- TASK DETAILS:
Please retype, word for word, the line containing "Once you have" and every line after it through the end of the records, leaving out all pictures.

- EXTRACTED MATERIAL:

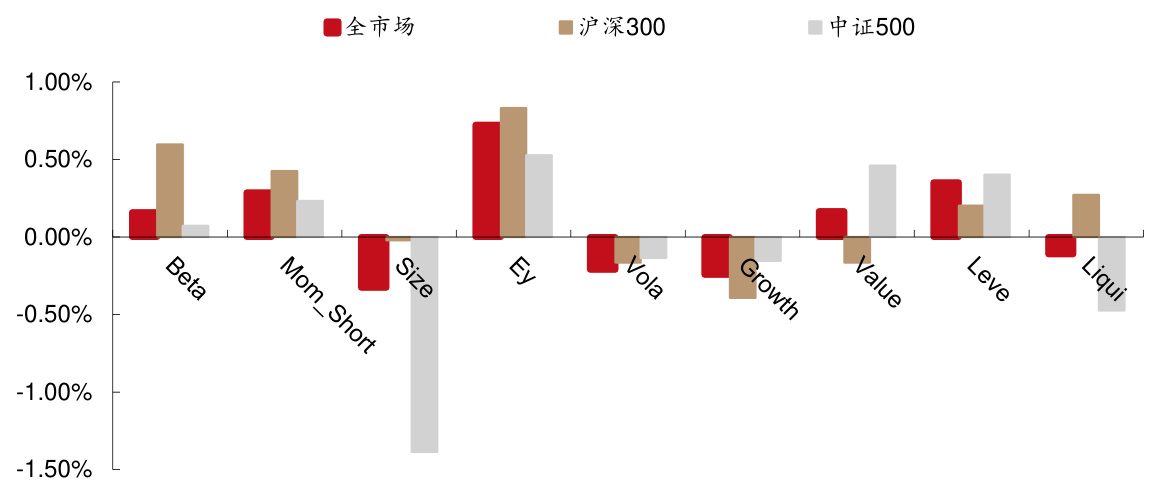 - 全市场内,短期动量(Momentum_Short)和收益率(Earnings Yield)因子RankIC为正,小市值(Size)因子为负,代表小市值因子短期表现不佳。
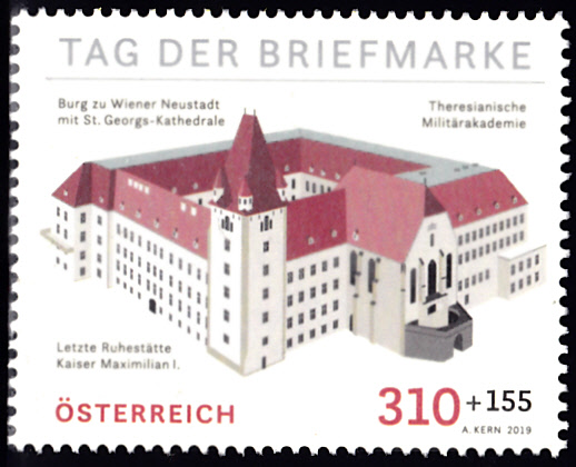Auf dieser Marke aus Österreich (MiNr 3488) zum Tag der Briefmarke 2019 wird die Burg Wiener Neustadt gezeigt. Sie ist die letzte Ruhestätte von Kaiser Maximilian I..
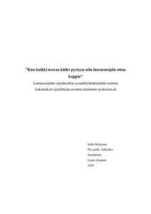 (Lapin yliopisto, 2025)Tässä tutkimuksessa tarkastellaan hatkaamista kokeneiden nuorten identiteettien rakentumista. Tutkimuksen teoreettisena viitekehyksenä on diskursiivisen identiteetin käsite, jolla tarkoitetaan identiteetin rakentumista ... -
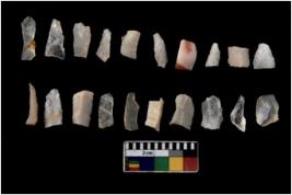 | Description / विवरण | There are n 20 flakes tool; there are multidirectional irregular scar pattern on them, made of short flakes and few have tapering edges. |
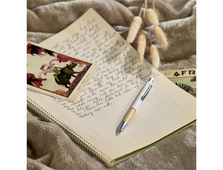 Experience a writing experience like no other with the Okiyo Yashi Stylus Ball Pen! Featuring a luxuriously natural bamboo grip, an aluminium body, and a stylus pen top, this pen offers a smooth and effortless writing experience with black German ink that lasts for up to 1500 metres. Capture your thoughts in a way that feels truly natural!
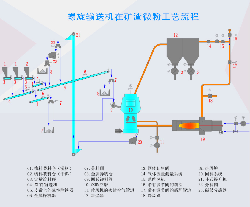 烘干后的磨渣進入磨機進行粉磨,粉磨出來的渣粉經過選粉機進行篩選后,與磨機渣粉由螺旋輸送機送回磨機繼續粉磨,與磨機形成閉路循環,合格的渣粉有螺旋輸送機送至成品倉。
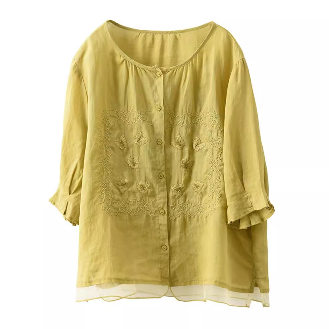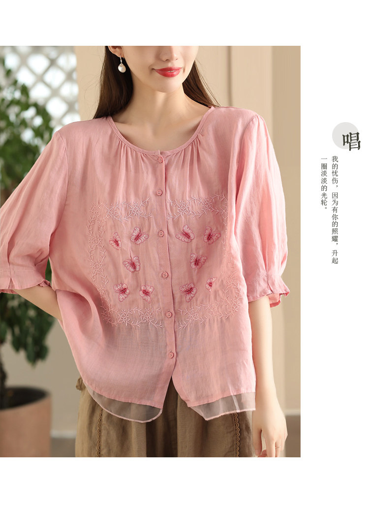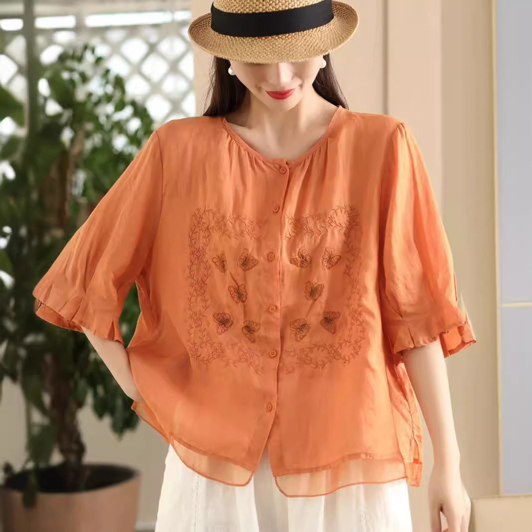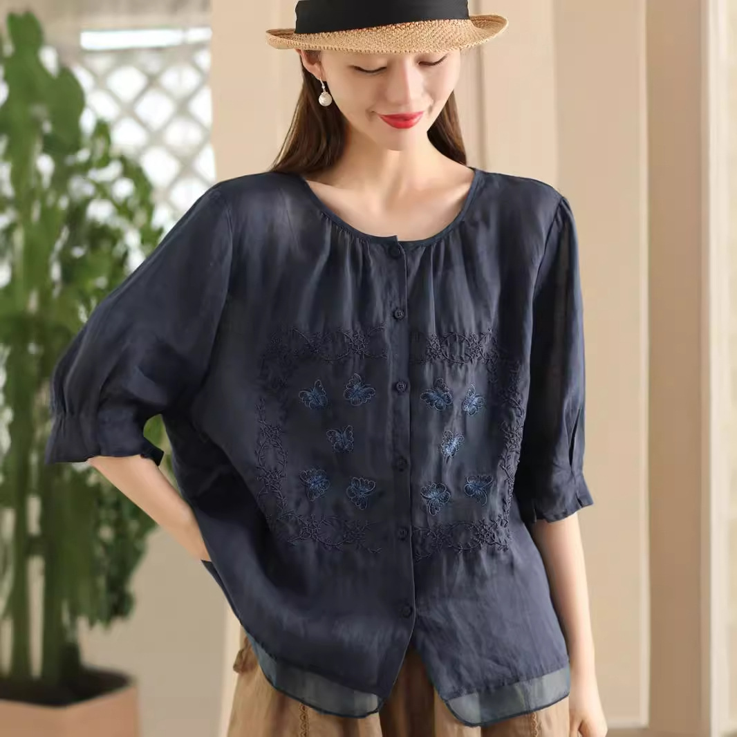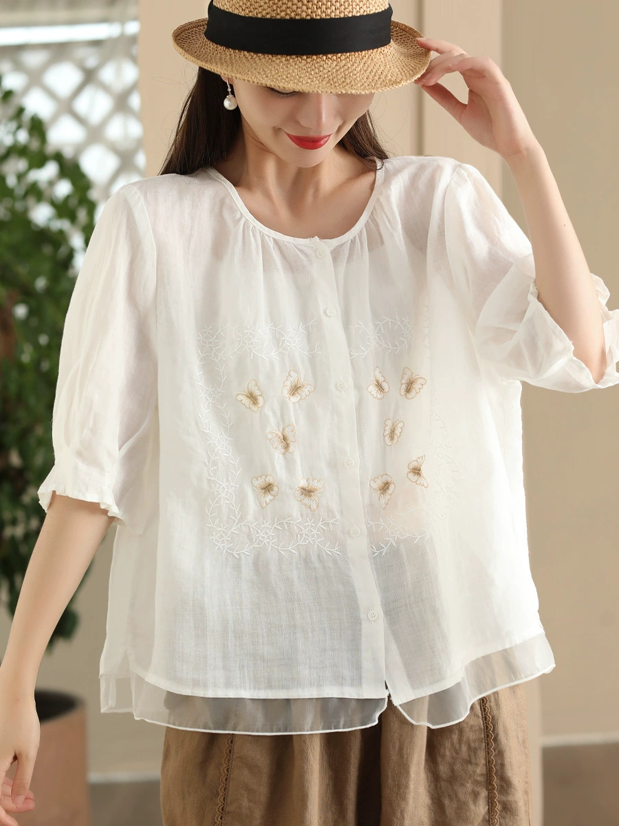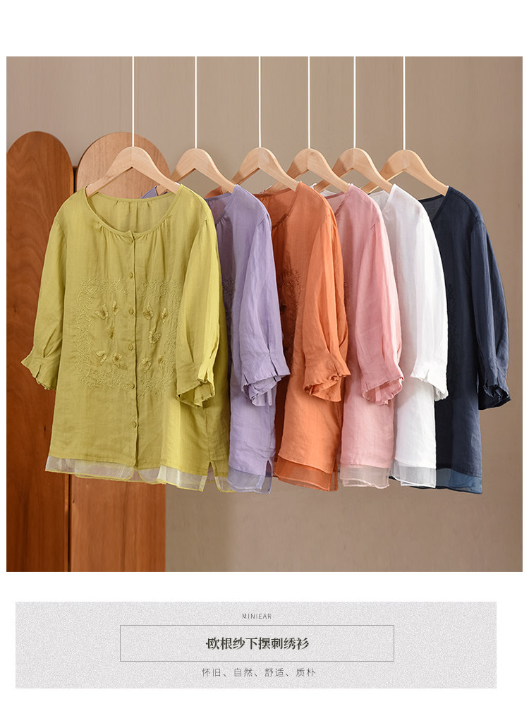 빈티지 3 차원 자수 라미 셔츠 바느질 Organza 손으로 반죽 주름 셔츠 우아한 탑
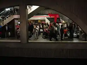 Plaça de Catalunya station, also known as Barcelona-Plaça Catalunya,[1][2] Plaça Catalunya or simply Catalunya[3] is a major station complex in Barcelona located under Plaça de Catalunya, the city's central square and a large transport hub. Many Rodalies de Catalunya, Barcelona Metro and Ferrocarrils de la Generalitat de Catalunya lines go through it and many bus routes link it with all of the districts of the city and most of the municipalities in its metropolitan area.
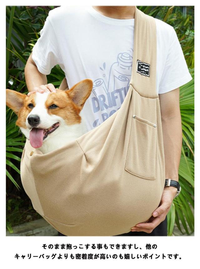 | 大事なワンちゃんとの密着度が高く、双方に安心感を与えるドッグスリングです。 肩ひもは幅広にデザインしております。ご主人様の肩への負担も軽くでき斜めがけするのにも楽チン。 そのまま抱っこする事もできますし、他のキャリーバッグよりも密着度が高いのも嬉しいポイントです。 飛び出し防止のベルトもあります。サイドにはペットボトルの入るサイズのポケットがあります。 お散歩・お出かけ・旅行に、いつでもどこでも一緒に快適にお出かけできるペットスリング。 | |
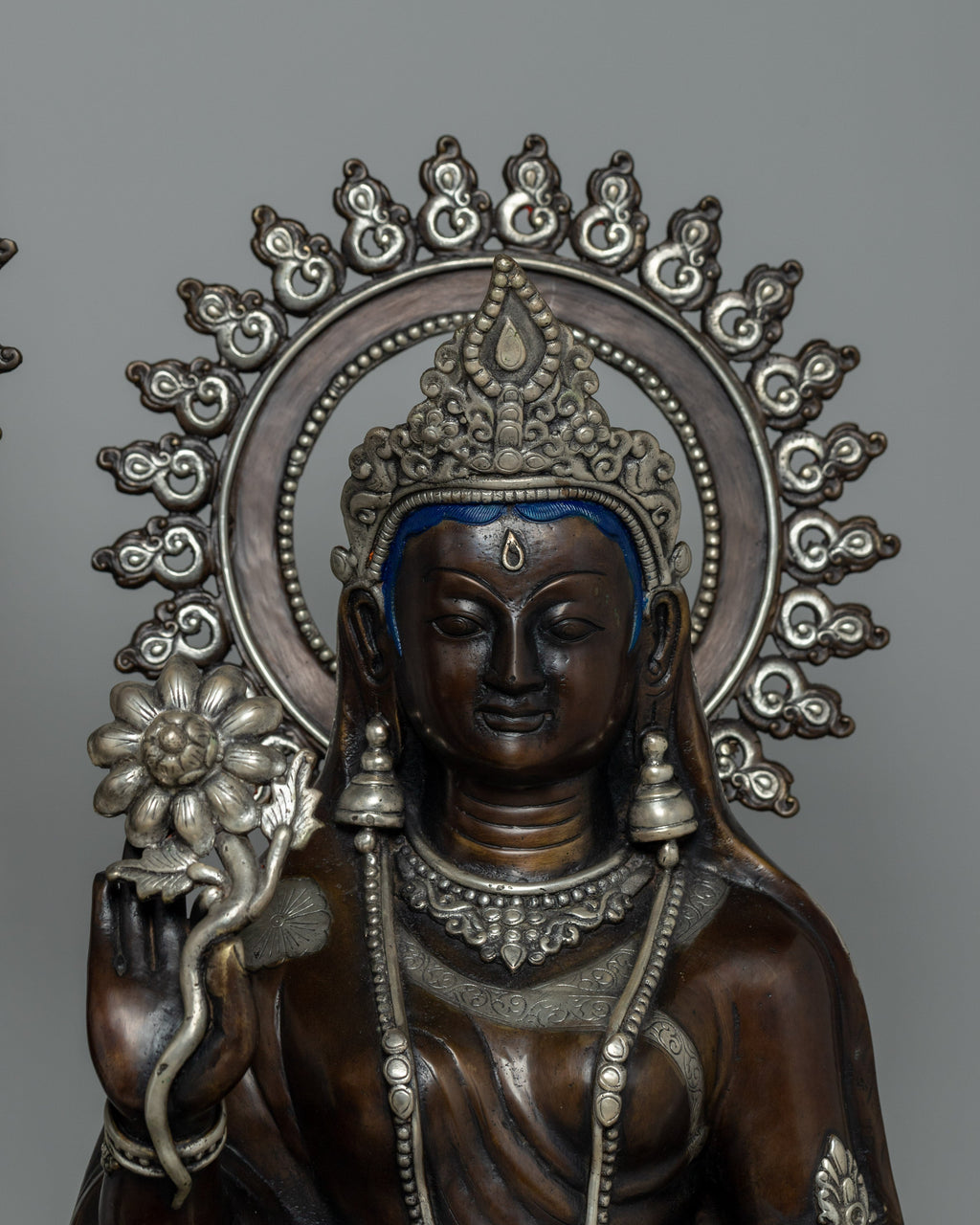 Radha stands gently behind Krishna, clutching a lotus flower, which symbolizes purity and devotion. Her outfit is similarly stunning, with an exquisitely crafted skirt with diamond-shaped motifs. Her elegance is enhanced by the bright halo behind her head, which she wears alongside necklaces, bangles, and a dainty crown. Krishna and Radha signify eternal love and devotion, making this a very exceptional monument worthy of praise.
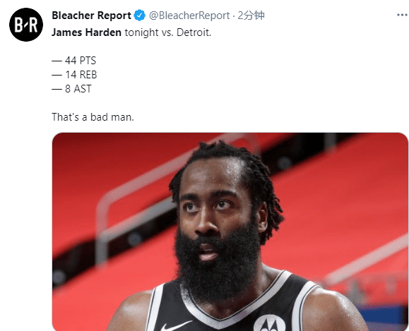 赛后美媒盛赞哈登MVP,露天看台则是调侃哈登是一个坏男人;著名詹黑斯基普-贝勒斯发推写道:没有杜兰特和欧文,哈登轰下44+14+8带队赢球,哈登已经是MVP了。
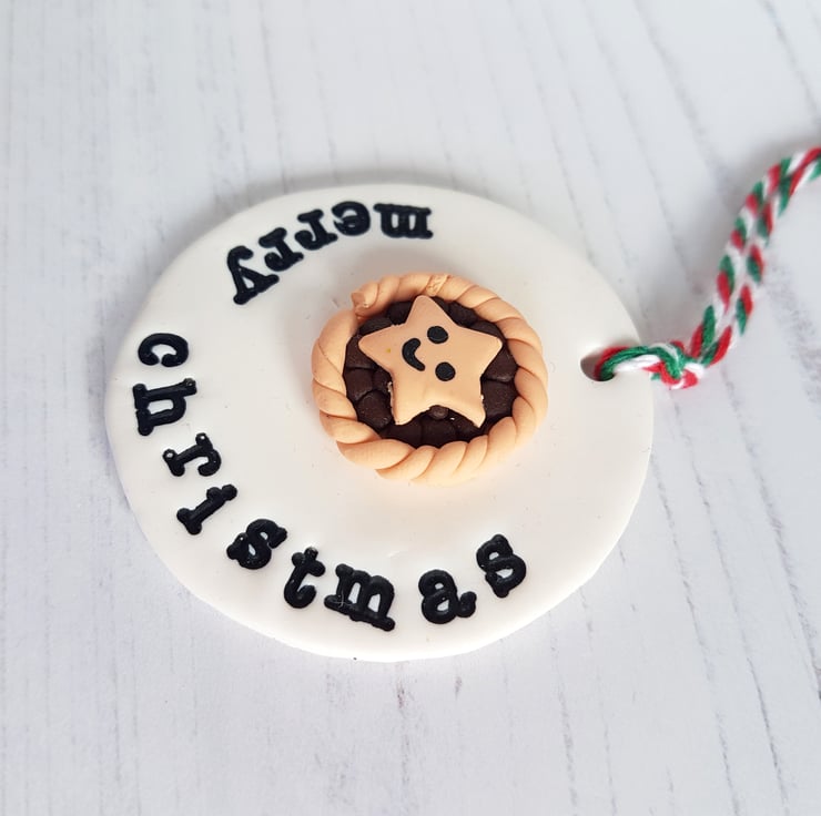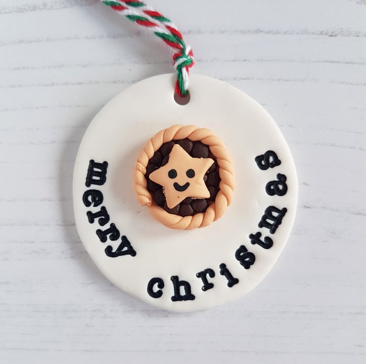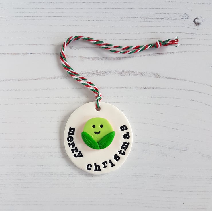This quirky decoration is hand made by myself using polymer clay, featuring your choice of a cute smiley mince pie or a green happy Brussel Sprout in the centre. The phrase "Merry Christmas" is hand stamped with individual letters along the bottom of the clay circle, then carefully hand painted using black paint for extra definition.
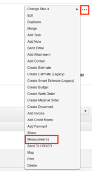 Once you have turned on the EagleView feature, proceed to your desired Job. Select the three dots in the top right of the Job and select Measurements.
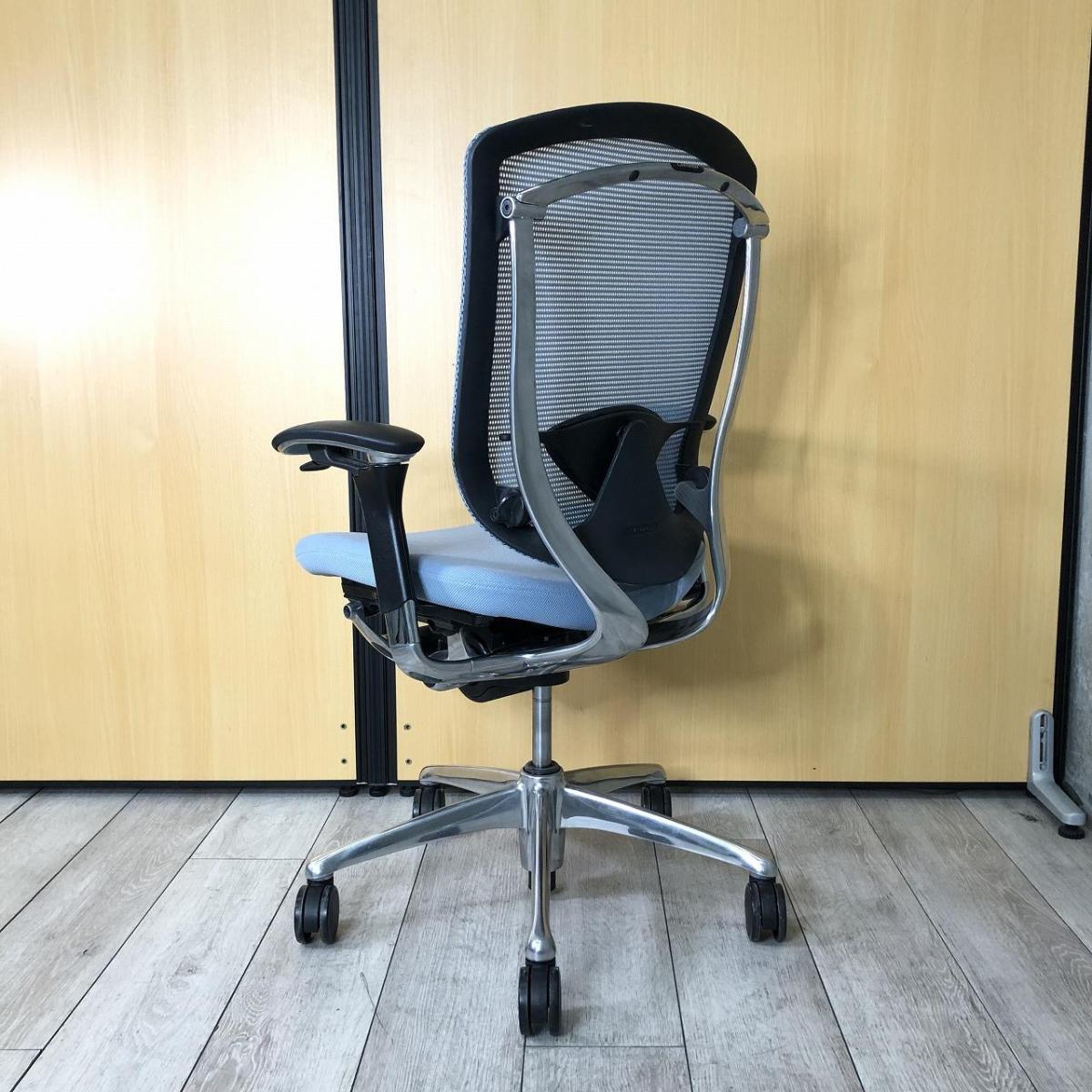 【王道チェア!】■オカムラ製(okamura) コンテッサ (Contessa) ハイバック 肘付き ■ライトブルー ■背面メッシュ ■ランバーサポート付 ■可動肘

- TASK OUTPUT:
 Once you have turned on the EagleView feature, proceed to your desired Job. Select the three dots in the top right of the Job and select Measurements.
 【王道チェア!】■オカムラ製(okamura) コンテッサ (Contessa) ハイバック 肘付き ■ライトブルー ■背面メッシュ ■ランバーサポート付 ■可動肘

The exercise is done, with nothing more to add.